━━━ Collected data ━━━

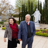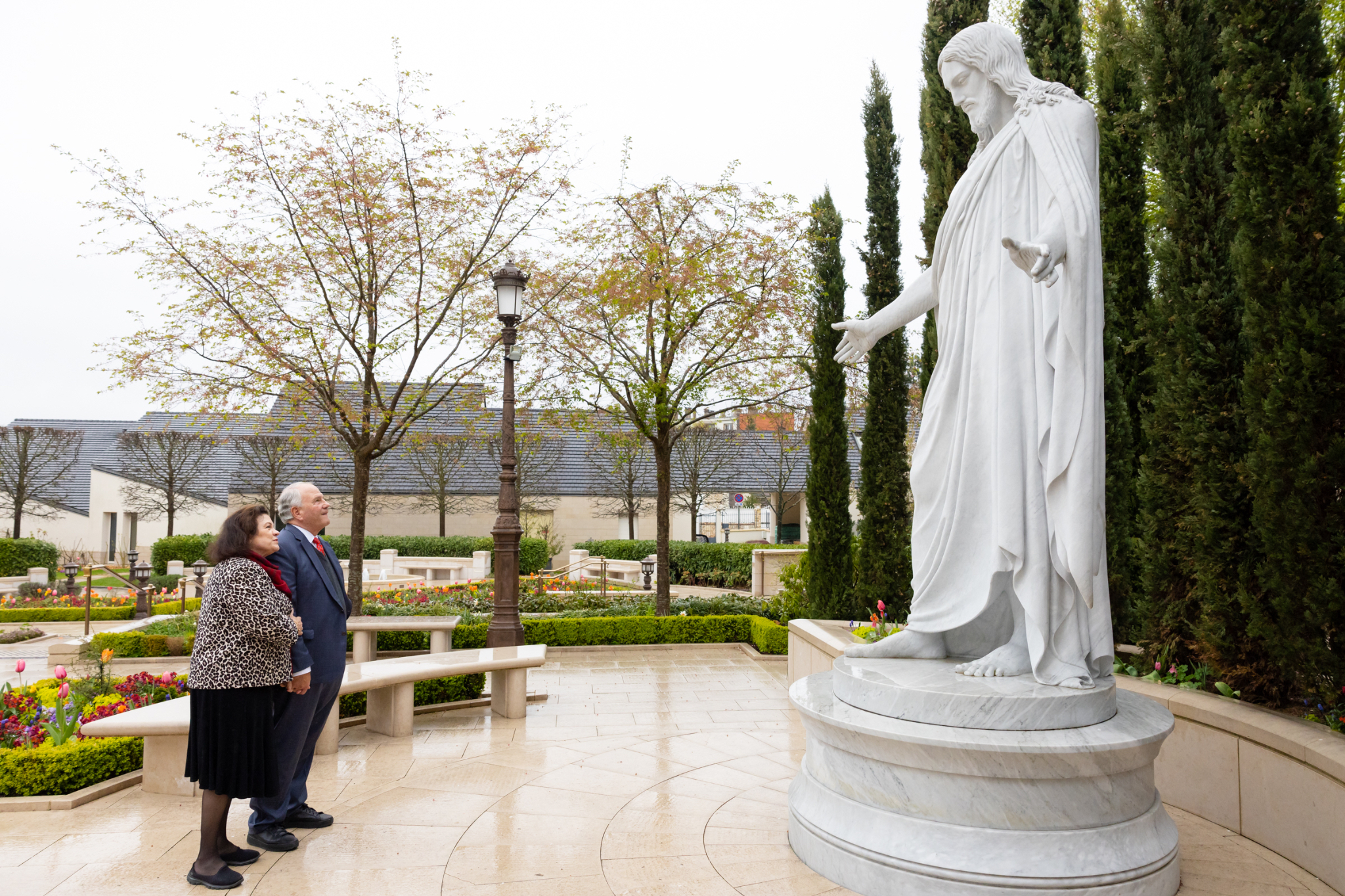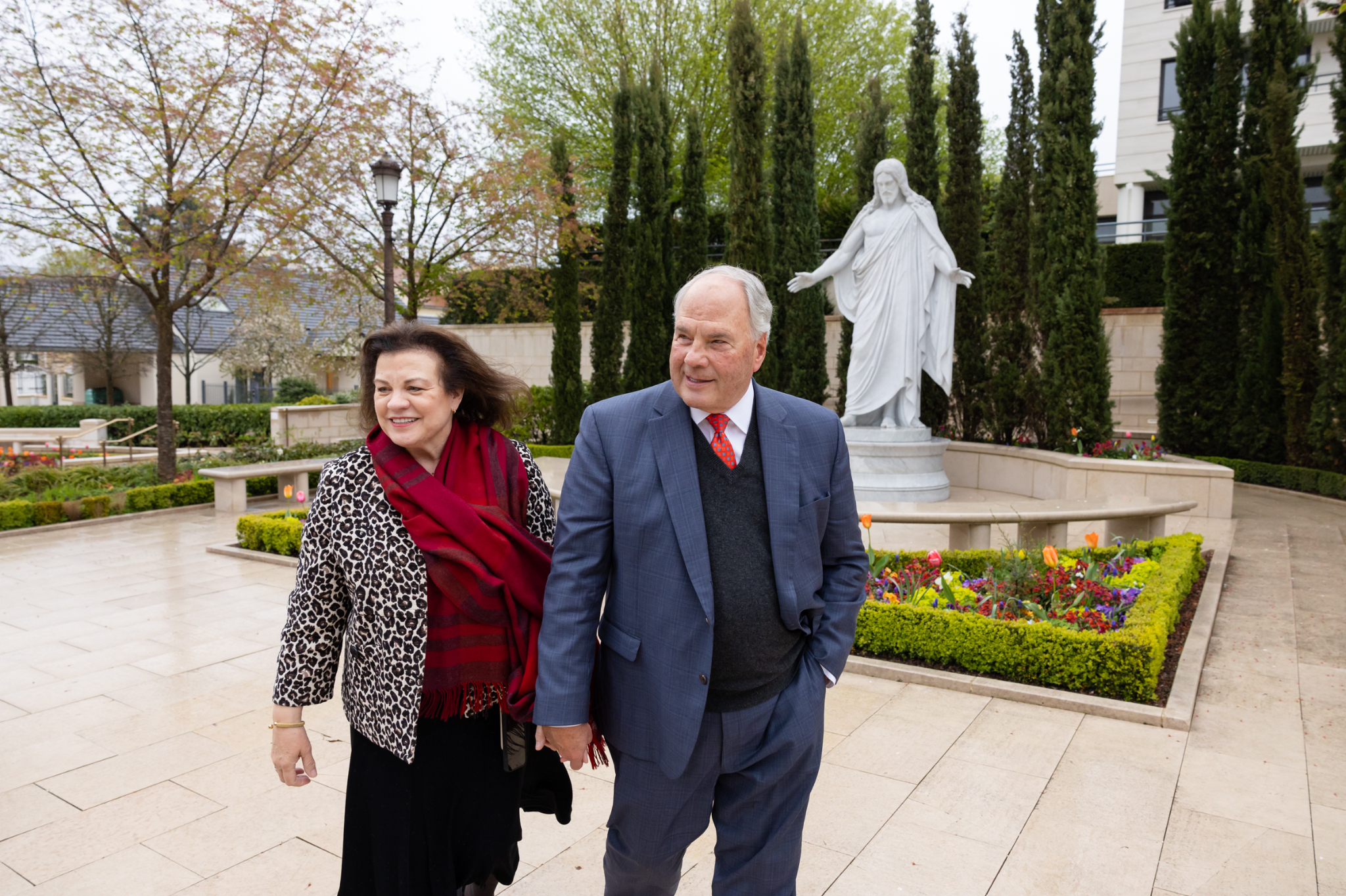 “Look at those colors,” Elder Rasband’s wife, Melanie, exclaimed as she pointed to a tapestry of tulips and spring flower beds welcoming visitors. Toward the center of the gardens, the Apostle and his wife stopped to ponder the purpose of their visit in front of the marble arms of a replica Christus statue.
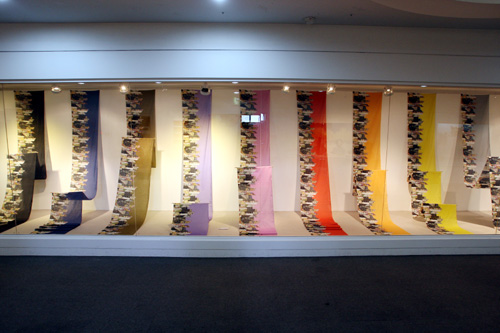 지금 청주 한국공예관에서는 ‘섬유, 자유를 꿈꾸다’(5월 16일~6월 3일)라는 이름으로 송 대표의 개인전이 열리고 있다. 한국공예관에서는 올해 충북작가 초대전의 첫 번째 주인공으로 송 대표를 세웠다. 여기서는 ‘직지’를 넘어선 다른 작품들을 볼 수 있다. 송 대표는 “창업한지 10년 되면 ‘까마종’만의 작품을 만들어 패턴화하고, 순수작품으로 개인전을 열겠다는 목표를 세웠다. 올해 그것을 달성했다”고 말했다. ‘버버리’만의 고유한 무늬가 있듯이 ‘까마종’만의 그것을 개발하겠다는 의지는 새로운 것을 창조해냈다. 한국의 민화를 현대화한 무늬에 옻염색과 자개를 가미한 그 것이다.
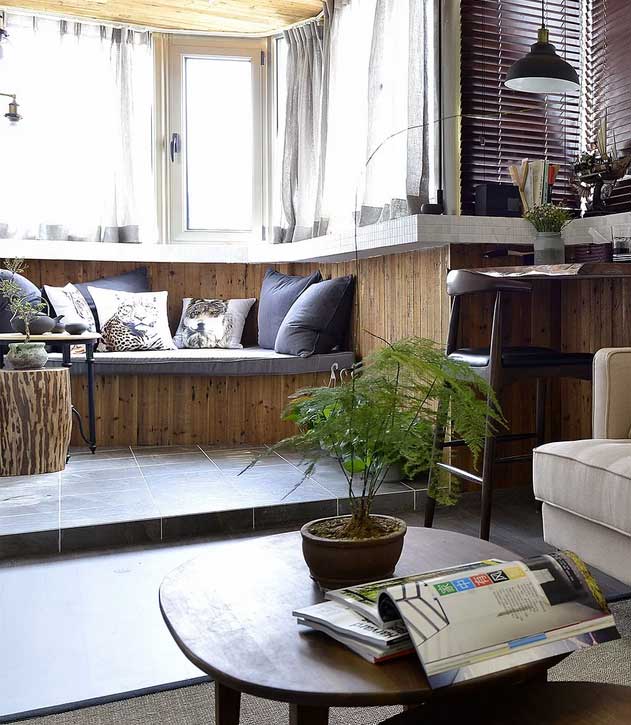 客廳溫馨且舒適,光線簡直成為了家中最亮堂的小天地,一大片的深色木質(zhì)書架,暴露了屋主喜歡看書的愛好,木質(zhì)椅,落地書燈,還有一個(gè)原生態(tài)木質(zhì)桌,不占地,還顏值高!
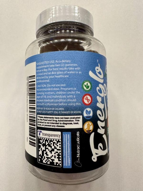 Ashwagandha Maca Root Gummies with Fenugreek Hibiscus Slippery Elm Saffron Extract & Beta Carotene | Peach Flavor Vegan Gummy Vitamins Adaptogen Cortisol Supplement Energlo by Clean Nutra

━━━

◆ **Work required**
Set down all the material exactly once more. No pictures.

◆ **Finished exercise**
 “Look at those colors,” Elder Rasband’s wife, Melanie, exclaimed as she pointed to a tapestry of tulips and spring flower beds welcoming visitors. Toward the center of the gardens, the Apostle and his wife stopped to ponder the purpose of their visit in front of the marble arms of a replica Christus statue.
 지금 청주 한국공예관에서는 ‘섬유, 자유를 꿈꾸다’(5월 16일~6월 3일)라는 이름으로 송 대표의 개인전이 열리고 있다. 한국공예관에서는 올해 충북작가 초대전의 첫 번째 주인공으로 송 대표를 세웠다. 여기서는 ‘직지’를 넘어선 다른 작품들을 볼 수 있다. 송 대표는 “창업한지 10년 되면 ‘까마종’만의 작품을 만들어 패턴화하고, 순수작품으로 개인전을 열겠다는 목표를 세웠다. 올해 그것을 달성했다”고 말했다. ‘버버리’만의 고유한 무늬가 있듯이 ‘까마종’만의 그것을 개발하겠다는 의지는 새로운 것을 창조해냈다. 한국의 민화를 현대화한 무늬에 옻염색과 자개를 가미한 그 것이다.
 客廳溫馨且舒適,光線簡直成為了家中最亮堂的小天地,一大片的深色木質(zhì)書架,暴露了屋主喜歡看書的愛好,木質(zhì)椅,落地書燈,還有一個(gè)原生態(tài)木質(zhì)桌,不占地,還顏值高!
 Ashwagandha Maca Root Gummies with Fenugreek Hibiscus Slippery Elm Saffron Extract & Beta Carotene | Peach Flavor Vegan Gummy Vitamins Adaptogen Cortisol Supplement Energlo by Clean Nutra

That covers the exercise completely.